The three studies briefly described in the present commentary outline the value of weighting the potential beneficial effects associated with AD use in pregnancy and postpartum against a number of potentially harmful consequences. This cautious approach should be individualised on a case-by-case basis, employing shared decision-making techniques that involve the mother and experts in psychiatry, obstetrics and gynaecology. It should be recognised that the treatment of women with ADs during pregnancy and postpartum is challenging and complex.1 ,5

Doctors should be aware that recent data refer almost exclusively to the SSRIs, the most commonly prescribed ADs in Western countries. However, in several low-income and middle-income countries tricyclic and related ADs are still widely prescribed. In addition, in depressed patients with no satisfactory response to the SSRIs, switching to a different AD is a frequent therapeutic option. Thus, AD drugs not belonging to the SSRI class are still widely prescribed globally, and therefore a clearer understanding of whether some of the risks associated with SSRI exposure similarly apply to other AD classes is a public health priority.
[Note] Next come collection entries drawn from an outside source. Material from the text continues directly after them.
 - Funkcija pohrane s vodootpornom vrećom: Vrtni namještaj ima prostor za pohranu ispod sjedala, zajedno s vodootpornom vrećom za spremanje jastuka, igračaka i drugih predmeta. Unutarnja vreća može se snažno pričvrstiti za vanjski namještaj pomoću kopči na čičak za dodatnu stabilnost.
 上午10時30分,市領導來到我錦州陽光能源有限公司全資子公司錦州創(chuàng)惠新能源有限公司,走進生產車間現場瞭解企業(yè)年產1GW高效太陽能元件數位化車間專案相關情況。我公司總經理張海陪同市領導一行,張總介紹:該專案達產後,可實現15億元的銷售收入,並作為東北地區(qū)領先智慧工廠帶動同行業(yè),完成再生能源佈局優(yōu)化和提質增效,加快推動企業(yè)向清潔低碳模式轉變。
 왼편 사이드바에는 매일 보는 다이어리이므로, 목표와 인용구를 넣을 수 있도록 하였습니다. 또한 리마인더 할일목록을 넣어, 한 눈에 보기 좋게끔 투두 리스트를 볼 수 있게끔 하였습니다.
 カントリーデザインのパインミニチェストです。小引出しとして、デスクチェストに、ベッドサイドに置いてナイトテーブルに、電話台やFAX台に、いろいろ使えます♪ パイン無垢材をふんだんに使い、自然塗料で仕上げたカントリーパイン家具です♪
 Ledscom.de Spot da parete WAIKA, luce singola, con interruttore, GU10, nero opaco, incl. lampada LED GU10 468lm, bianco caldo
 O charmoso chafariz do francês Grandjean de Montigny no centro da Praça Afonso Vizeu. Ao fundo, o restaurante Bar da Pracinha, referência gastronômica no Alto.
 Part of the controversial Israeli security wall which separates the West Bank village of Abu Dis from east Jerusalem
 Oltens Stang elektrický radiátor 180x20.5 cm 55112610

In general, treatment guidelines suggest that in women with mild-to-moderate depression without a history of recurrent or severe depression, or women with depression related to specific adjustments or stressors, psychotherapy with a trained provider is a first-line intervention.1 In women with more severe depression a thorough risk-benefit discussion of ADs in general and the specific medication in particular is warranted, taking into consideration that paroxetine is generally contraindicated. In postpartum depression pharmacological treatment recommendations for women who are lactating must include discussion with the patient regarding the benefits of breastfeeding, risks of AD use during lactation and risks of untreated illness. Doctors should consider that treatment decisions must be guided by the woman's preference and should be contextualised to local healthcare, social and economic circumstances.